Microsoft has subsidiaries all over the world. They'd still have standing to sue, even if say Germany and France ignored American IP laws( which they definitely won't).

Plus it's not out of the question for them to personally sue WINE contributors. It's not about winning, a simple DMCA takedown notice to any entity hosting WINE code would probably be enough to stop the project.

I want a future of competition between different OSes. I use Linux everyday, but I don't think a market share of 3.86% is sweating anyone at Microsoft.

https://gs.statcounter.com/os-market-share/desktop/worldwide

I could see Lenovo, which is ultimately a Chinese company, making more aggressive steps to offer Linux. But outside of certain ThinkPads you can't even buy a laptop with Linux pre installed.

In my dream world you'd have to buy Windows separately with any hardware. I guess Best Buy could still offer Windows installation as a service though.


> a simple DMCA takedown notice

DMCA takedown has no legal basis outside the US. And it's funny you bring that up: the only reason why this has any relevance at all is because of the established norm for countries to sacrifice some of their sovereignty in exchange for being allowed to trade with the US. Now, with the US breaking trade norms and agreements, those countries can (and eventually will) stop complying, because they have nothing to gain (and everything to lose) promoting hostile foreign competition.


I agree the DMCA has too much power, but I think your getting ahead of what's realistic.

Maybe in 20 years some EU court will declare US IP to be up for grabs, but that's not now. Microsoft is deeply embedded so many different businesses and government IT departments.


The removal of several features from windows 10 is infuriating. Why can’t the taskbar be moved to the side? Why can’t the taskbar be made smaller? Why can I pick the smaller icons, but the taskbar remains the same size, with massive margins and blank space?

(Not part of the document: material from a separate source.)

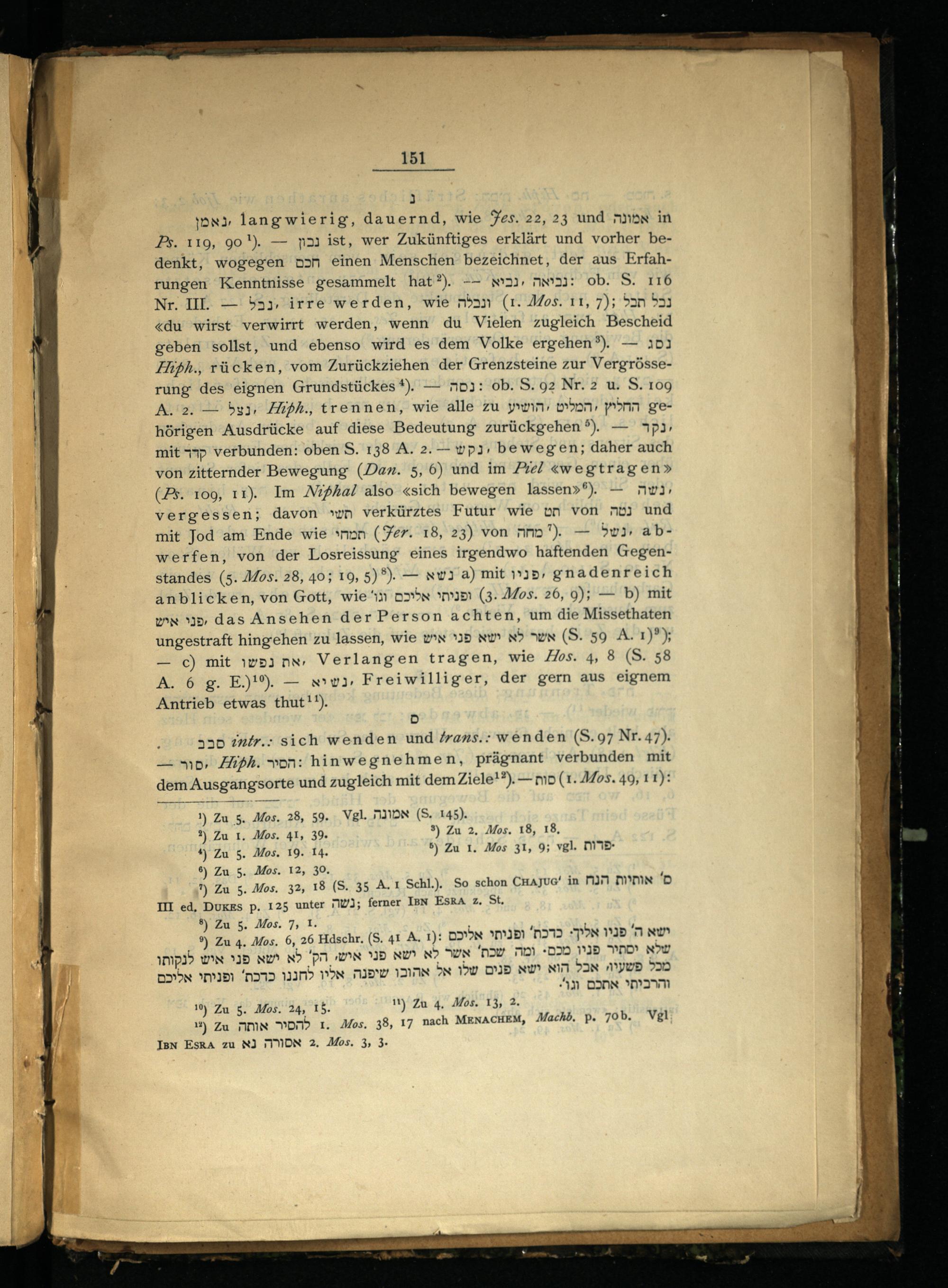 px langwierig, dauernd, wie Jes. 22, 23 und AndN in Ps. 119, 90').— ya ist, wer Zukünftiges erklärt und vorher bedenkt, wogegen nam einen Menschen bezeichnet, der aus Erfahrungen Kenntnisse gesammelt hat).—— /wnı, mw: ob. S. 116 Nr. IE—! 55). irre werden, wie man(1. Mos. 11, 7); bar b33 «du wirst verwirrt werden, wenn du Vielen zugleich Bescheid geben sollst, und ebenso wird es'dem Volke ergehen?®).— 153 Hiph., rücken, vom Zurückziehen der Grenzsteine zur Vergrösserung des eignen Grundstückes*).— nd3: ob. S. 92 Nr. 2 u. S. 109 A.'2.— bsy, Hiph., trennen, wie alle zu yının, van ponn gehörigen Ausdrücke auf diese Bedeutung zurückgehen 5).— Pd mit 11p verbunden: oben'S. 138 A. 2.— wp3, bewegen; daher auch von zitternder Bewegung(Dan. 5, 6) und im Piel«wegtragen>» (Ps. 109, 11). Im Niphal also«sich bewegen lassen»®).— nw3, vergessen; davon 1m verkürztes Futur wie on von nö) und mit Jod am Ende wie nnpn(Fer. 18, 23) von nmo*).— 5wi, abwerfen, von der Losreissung‘ eines irgendwo haftenden Gegenstandes(5. Mos. 28, 40; 19, 5)®).— xwı'a) mit 715, gnadenreich anblicken, von Gott, wie 431 a» 5(3: Mos. 26, 9);— b) mit vn u5, das Ansehen der Person achten, um die Missethaten ungestraft hingehen zu lassen, wie zn 15 NW RN(S. 59 A71)?) — c) mit 1wB3 DN- Verlangen tragen, wie Hos. 4, 8(S. 58 A. 6 g. E.)').— x1wy3, Freiwilliger, der gern aus eignem Antrieb etwas thut**).

At least they finally added back the “don’t combine taskbar icons” but it’s still lacking basic functionality that was previously there.


The KDE plasma UI feels like all the best parts of windows 10 to me. The default taskbar+clock+system tray+start menu UI feels exactly like windows 10 to me. But you can also customize it very easily. The settings menu feels a bit more like MacOS than windows’ control panel though.

Several linux distros use that UI. Im on NixOS but i probably wouldn’t recommend that as a starting place. I’ve used bazzite and it worked pretty well out of the box. But i think there’s ubuntu and debian variants that use plasma that are probably pretty good as well.


Yup, Plasma has also gotten really good. It started to get really good with 5 and has polished like crazy with 6. It's defaults are now pretty close to perfect out of the box for me as a long time windows user.

I'd say it's close to the windows 7 or 10 experience. But without any of the clutter that has crept in.


The recommendation for the average inexperienced user trying out Linux for the first time should be Kubuntu. Full stop. Saying this as an Arch and Gentoo user.